GEANCO Maternal and Infant Clinic Network
A high number of deliveries occur with traditional birth attendants and community health workers, as they are the preferred point of care for underserved women in urban poor and rural communities in Nigeria. Due to their low skills and unhygienic environments, a greater percentage of these deliveries culminate in complications that contributes significantly to the high rate of maternal and neonatal mortality in Nigeria. In response, The GEANCO Maternal and Infant Clinic Initiative was birthed. This clinic initiative started out as a desire to proffer better health care to underserved women and children in communities, but has since gone on to be a movement and project to be reckoned with in Nigerian states.
This initiative is based on five key metrics, the legs of the modular clinic initiative. These metrics keep us in the focus on what we hope to achieve in our modular clinics.
The Five Legs of the GEANCO Maternal and Infant Clinic Initiative.
- An Equipped Micro Facility that effectively meets the needs of its users.
- Operated by Registered nurse midwives, with Trained Birth Attendants who adequately diagnose, manage and care for their patients.
- Observing Good Management Protocols including a well-defined organizational structure, operations system, financial accounting and customer relationship management.
- Held Accountable with Periodic Inspections to ensure that standards are met and integrity sustained.
- Collaboration with other Medical Officers – doctors, medical lab scientists and others who offer specialized services to enable holistic care and optimise value for the community.
Our Progress since late 2020 - present
Our team has begun addressing these legs upon which the initiative is built, and has undoubtedly made appreciable progress with integrating modern conventional maternity practice with a traditional institution.
- We presently have 5 modular clinics in Enugu and Anambra States, Nigeria
- The clinics are kept sanitary at all times, and there is a septic tank and placenta pit for proper disposal of biological waste
- Steady water supply for sanitation and comfort of patients, solar power for the preservation of vaccines
- Basic medical equipment for health monitoring and diagnosis.
- Electronic Patient Record System (EPRS): Our cloud-based online database computes the information of patients across the five clinics from registration up until discharge.
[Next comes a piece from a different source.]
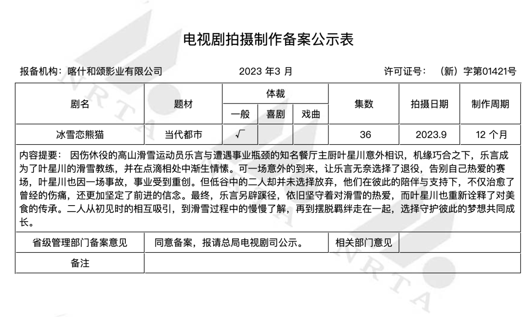 改编自唐家三少同名小说的都市甜宠剧《冰雪恋熊猫》,由李冰冰的和颂影业备案,讲述了知名厨神与滑雪运动员的救赎与守护的甜宠故事。两人守护彼此梦想共同成长的同时,也摆脱羁绊走到了一起。同样为青春竞技题材的还有去年的《炽道》。该剧预计9月份投入拍摄,集数为36集,制作周期为12个月。

This allows for proper documentation and availability of real-time data, in spite of location.
- Referral: the community health workers now recognize danger signs in pregnancy, respond appropriately, and work with partner hospitals as taught. There are also emergency response riders designated to ensure quick transportation.
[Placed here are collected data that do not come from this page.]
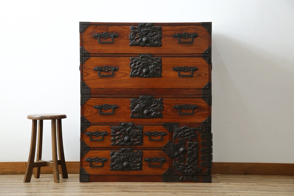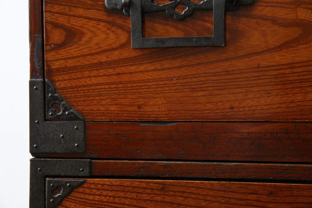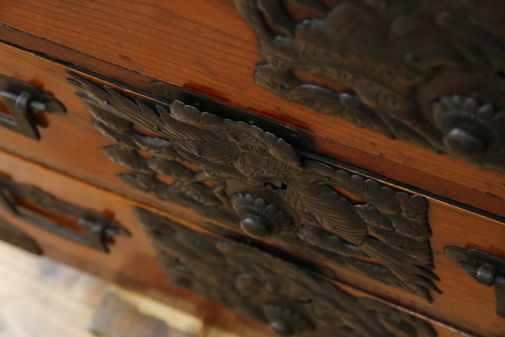 和箪笥> 				衣装箪笥				> 和製アンティーク 前面欅(ケヤキ)材 立派な打ち出し金具 五丁引き 重厚感ある佇まいが魅力的な庄内箪笥 (R-059246)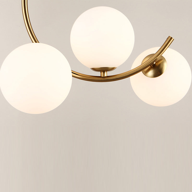 Contemporary Creative Orb Circle Iron Glass 3-Light Semi-Flush Mount Ceiling Light For Bedroom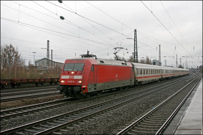 101 001 fährt mit dem InterCity 2156, von Erfurt Hbf nach Düsseldorf, am Haltepunkt Bochum-Ehrenfeld durch das Ruhrgebiet dem Ziel entgegen.

- Operational Sustainability: an initial centralized model has made it possible for our guidelines and mechanism of operation to be replicated across the clinics.
- Financial Sustainability: monthly checks of the clinic cash flows show the community health workers are capable of funding the operations of the clinic.
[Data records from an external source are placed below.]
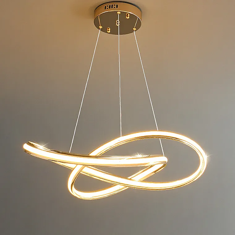 Серия светодиодных люстр на струнном подвесе с плафоном в виде замкнутой спирали с внутренней отделкой в цвете латунь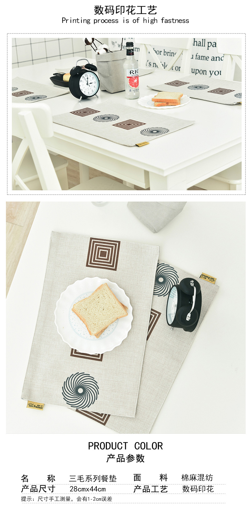 加厚棉麻家用餐垫隔热垫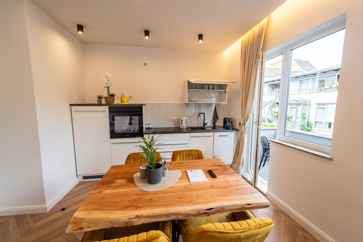 Эти студии площадью 24 кв. м идеально подходят для двух гостей. Все они обставлены современной мини-кухней с раковиной, плитой и микроволновой печью, двуспальной кроватью (160x200) и ванной комнатой с душем. Вы найдете обеденный стол, где можно насладиться едой или работать удаленно в этих комнатах.

- After our one-year technical support with partner nurse midwives, the community health workers have employed trained nurse midwives on their own and work with them effectively.
- They also communicate closely with other health professionals to provide specialized care and optimize value for the community.
- The community health workers who are beneficiaries of this initiative have been formed into a support group for accountability, knowledge sharing, and good communication of ideas.
- In line with this partnership, vaccination, and laboratory tests at the clinics have been made possible. The state ministry of health now recognizes our modular clinics as immunization centres and has organized a series of training to this effect.
An in-depth article was written by Nigeria Health Watch, on the progress of our first modular clinic in southeast Nigeria, read more here.
Undoubtedly, our modular clinics have proven to be an efficient hybrid of approved maternal and infant health practice and culturally accepted traditional birth practice. So far, we have nurtured this vision and watched it not only come to life but also take flight with tender yet sturdy wings. In coming months, we look forward to breaking more grounds and positioning the clinics to offer better healthcare to a greater number of underserved women in Nigeria.